*Listed entries:*
☆ ☆ ☆ ☆ ☆

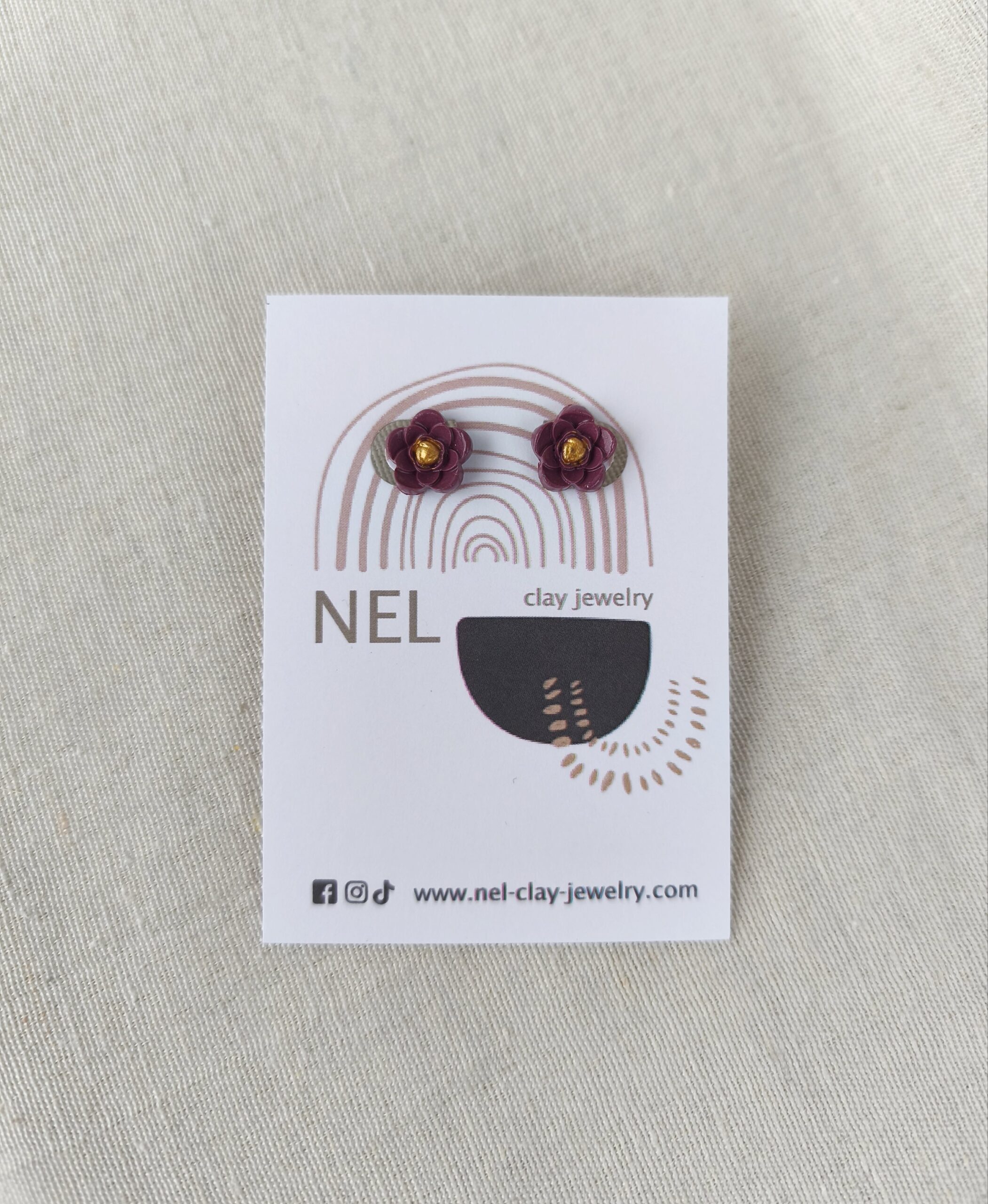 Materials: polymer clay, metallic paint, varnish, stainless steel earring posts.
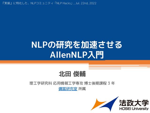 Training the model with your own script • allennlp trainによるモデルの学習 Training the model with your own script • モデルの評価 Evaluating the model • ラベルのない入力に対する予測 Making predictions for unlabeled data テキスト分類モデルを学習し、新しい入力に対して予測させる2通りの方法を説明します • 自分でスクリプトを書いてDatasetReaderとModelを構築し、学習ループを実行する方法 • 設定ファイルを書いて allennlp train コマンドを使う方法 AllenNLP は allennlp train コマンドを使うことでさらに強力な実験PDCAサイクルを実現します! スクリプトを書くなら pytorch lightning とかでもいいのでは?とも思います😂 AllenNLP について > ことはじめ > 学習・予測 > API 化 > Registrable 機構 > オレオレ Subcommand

☆ ☆ ☆ ☆ ☆

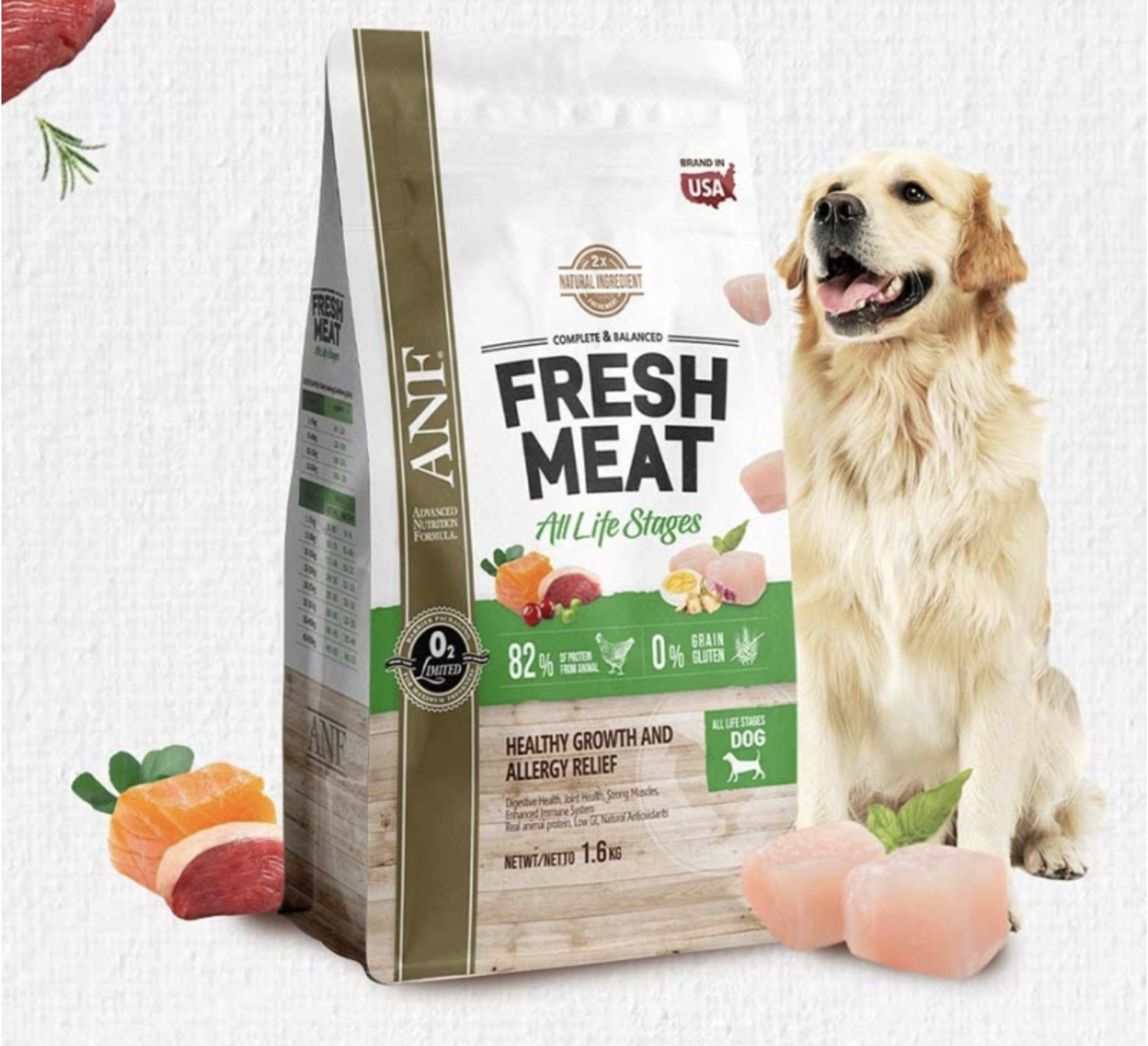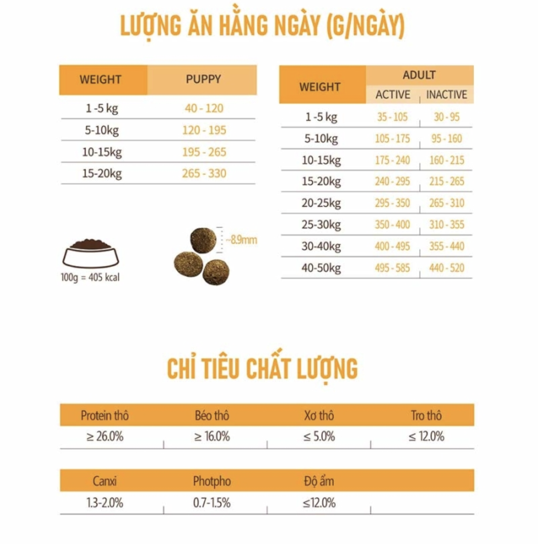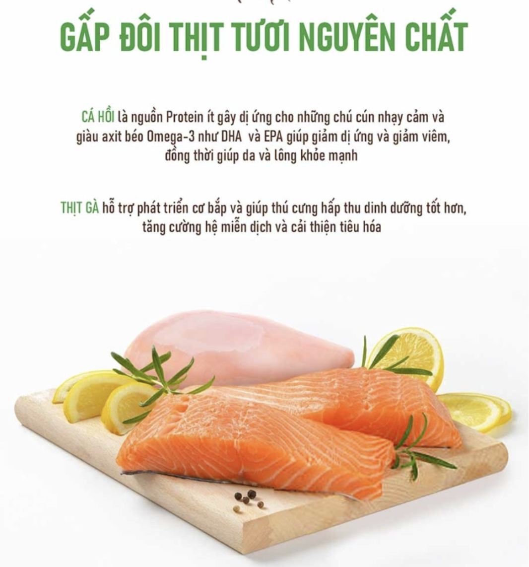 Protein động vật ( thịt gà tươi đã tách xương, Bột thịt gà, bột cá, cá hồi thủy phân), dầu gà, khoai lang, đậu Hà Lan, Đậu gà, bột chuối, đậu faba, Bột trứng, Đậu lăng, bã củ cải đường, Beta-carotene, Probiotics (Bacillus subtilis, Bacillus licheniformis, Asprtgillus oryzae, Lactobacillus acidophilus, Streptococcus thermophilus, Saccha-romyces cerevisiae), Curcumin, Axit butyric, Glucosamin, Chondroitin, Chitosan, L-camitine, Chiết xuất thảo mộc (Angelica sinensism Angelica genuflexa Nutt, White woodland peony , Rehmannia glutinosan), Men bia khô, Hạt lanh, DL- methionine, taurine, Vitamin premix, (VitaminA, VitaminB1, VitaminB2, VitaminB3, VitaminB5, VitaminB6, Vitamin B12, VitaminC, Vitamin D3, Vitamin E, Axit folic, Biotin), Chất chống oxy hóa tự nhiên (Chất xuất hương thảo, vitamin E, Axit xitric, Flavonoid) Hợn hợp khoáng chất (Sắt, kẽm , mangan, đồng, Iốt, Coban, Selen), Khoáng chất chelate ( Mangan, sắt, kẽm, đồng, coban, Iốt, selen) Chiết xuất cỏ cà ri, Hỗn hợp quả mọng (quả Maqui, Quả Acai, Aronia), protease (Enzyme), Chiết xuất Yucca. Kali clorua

☆ ☆ ☆ ☆ ☆

*Aim of the exercise:*
Give back exactly, and solely, the section of the data above bounded by the line containing "Materials: polymer clay, metallic" and the line containing "Training the model with your own script • allennlp", both bounding lines included and pictures omitted.

*Solved problem:*
 Materials: polymer clay, metallic paint, varnish, stainless steel earring posts.
 Training the model with your own script • allennlp trainによるモデルの学習 Training the model with your own script • モデルの評価 Evaluating the model • ラベルのない入力に対する予測 Making predictions for unlabeled data テキスト分類モデルを学習し、新しい入力に対して予測させる2通りの方法を説明します • 自分でスクリプトを書いてDatasetReaderとModelを構築し、学習ループを実行する方法 • 設定ファイルを書いて allennlp train コマンドを使う方法 AllenNLP は allennlp train コマンドを使うことでさらに強力な実験PDCAサイクルを実現します! スクリプトを書くなら pytorch lightning とかでもいいのでは?とも思います😂 AllenNLP について > ことはじめ > 学習・予測 > API 化 > Registrable 機構 > オレオレ Subcommand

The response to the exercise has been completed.